Researchers at the University of California, Santa Cruz, are using the latest in genetic technology to investigate an ancient form of life--the poorly understood microorganisms known as Archaea.
Many Archaea live in hostile environments, from salt lakes to acidic hot springs, but they can be very difficult to grow and study in the laboratory. So UCSC researchers were thrilled when their proposal to sequence the complete genomes of five species of Archaea was approved earlier this year by the Community Sequencing Program of the U.S. Department of Energy's Joint Genome Institute (JGI). JGI will carry out the sequencing and make the results publicly available.
"Having complete genome sequences will be enormously helpful to our research," said Todd Lowe, an assistant professor of biomolecular engineering.
Lowe and Chad Saltikov, an assistant professor of environmental toxicology at UCSC, teamed up with Sorel Fitz-Gibbon of UCLA and Christopher House of Pennsylvania State University to submit the Archaea proposal to the Community Sequencing Program. The five species they proposed for sequencing are closely related heat-loving Archaea found in various hot springs from Iceland to the Philippines. These species belong to a unique group of Archaea that can use sulfur compounds and toxic metals like arsenic and selenium to power their cells. They use these compounds in much the same way that our own cells use oxygen, Lowe said.
One of Lowe's goals is to identify the genes and metabolic pathways that enable the Archaea to thrive at extremely high temperatures and make use of toxic compounds. His lab investigates the unique biology of Archaea using a combination of laboratory experiments and computational techniques for genetic analysis.
Superficially, Archaea look much like bacteria. It wasn't until about 25 years ago that genetic techniques enabled scientists to see beyond the cell surface and recognize the differences between Archaea and bacteria.
"Archaea are as different from bacteria as bacteria are from us," Lowe said. "They account for a third of the biodiversity on the planet and they've hardly been studied."
Scientists now divide all known organisms into three distinct domains: the eukaryotes, which include all plants, animals, and fungi; the bacteria; and Archaea.
"We're studying a third group of life that we know very little about and that may tell us about the origin of life, how life works, and geochemical processes. It's really exciting," said Aaron Cozen, a graduate student in Lowe's lab.
Archaea have already yielded some useful products, such as heat-resistant enzymes used in laundry detergents. Other practical benefits are likely to emerge from ongoing research on the unusual metabolism and genetics of these organisms, said Saltikov, who is focusing on their metabolic use of arsenic.
The use of naturally occurring arsenic by Archaea and certain types of bacteria has serious consequences in some parts of the world, because the process converts the arsenic to a more toxic form that is also more likely to remain dissolved in water.
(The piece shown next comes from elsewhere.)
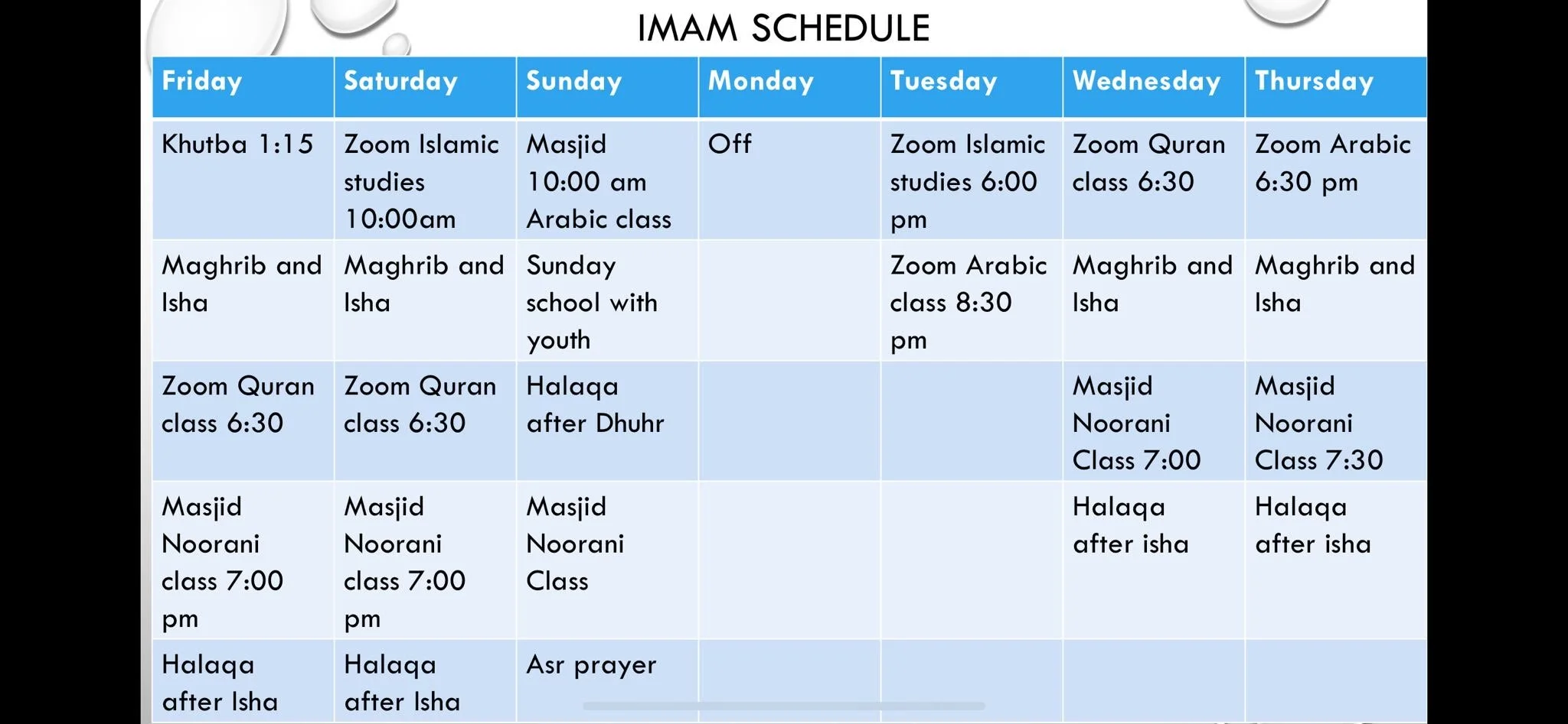 We have daily Maghrib and Isha prayers. Imam Amro provides daily halaqa before Isha from Wednesday-Sunday and Hifz lessons.
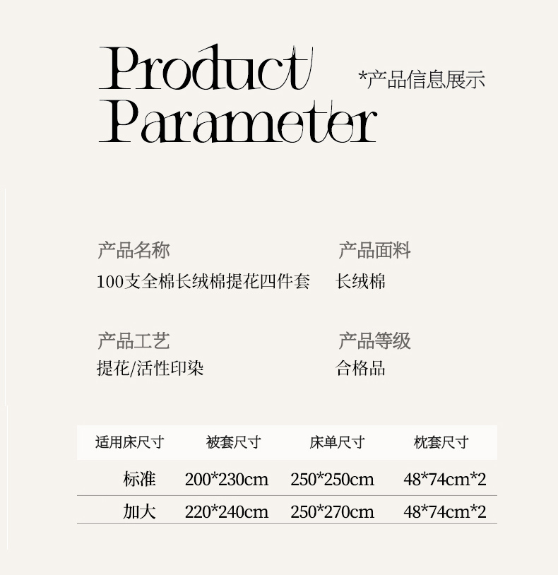 商品名称:优姿家纺 2026新款全棉100支长绒棉提花四件套 星空香槟

In Bangladesh, many people have been poisoned by drinking water that is laden with this toxic form of arsenic. Saltikov and others have already found the bacterial gene involved in arsenic respiration, but they have not found a match for this gene in Archaea.
"Archaea may have the same gene, but the sequence is so different that it's not recognizable. Or they may have a completely different metabolic pathway, or an older pathway that leads us to greater understanding of the bacterial mechanism," Saltikov said.
For now, the biggest challenge for Lowe and Saltikov is learning how to grow Archaea and experiment with them in the lab. Many Archaea are poisoned by oxygen and have to be grown in special airtight containers. The heat-loving Archaea that Lowe is studying can only live at near-boiling temperatures and have to be grown in ovens. Keeping the conditions just right can be difficult and expensive, which limits the kinds of experiments researchers can do.
"These Archaea are more difficult than bacteria to grow and keep happy, so there are fewer ways we can assault them to learn about how they respond," Lowe said. He hopes that at least one of the five species chosen for genome sequencing will be easy to grow so it can become a model system for him and other scientists studying Archaea.
DNA microarrays (sometimes called "gene chips") are among the most powerful tools that Lowe is using to study Archaeal biology. Microarrays can provide a comprehensive view of gene activity in cells, revealing which genes are turned on and off in response to different conditions. Lowe's lab has already developed DNA microarrays based on the full genome sequences of two species of Archaea, and he plans to do the same for the five new species that will be sequenced by JGI. Using this "whole genome" approach to study Archaeal biology, he hopes to uncover the secrets that enable these organisms to live at the extreme limits of life on Earth.
"It's really exciting to know that you are the first person to understand something," Lowe said. "It's the potential for discovery of new biology that keeps me in this field."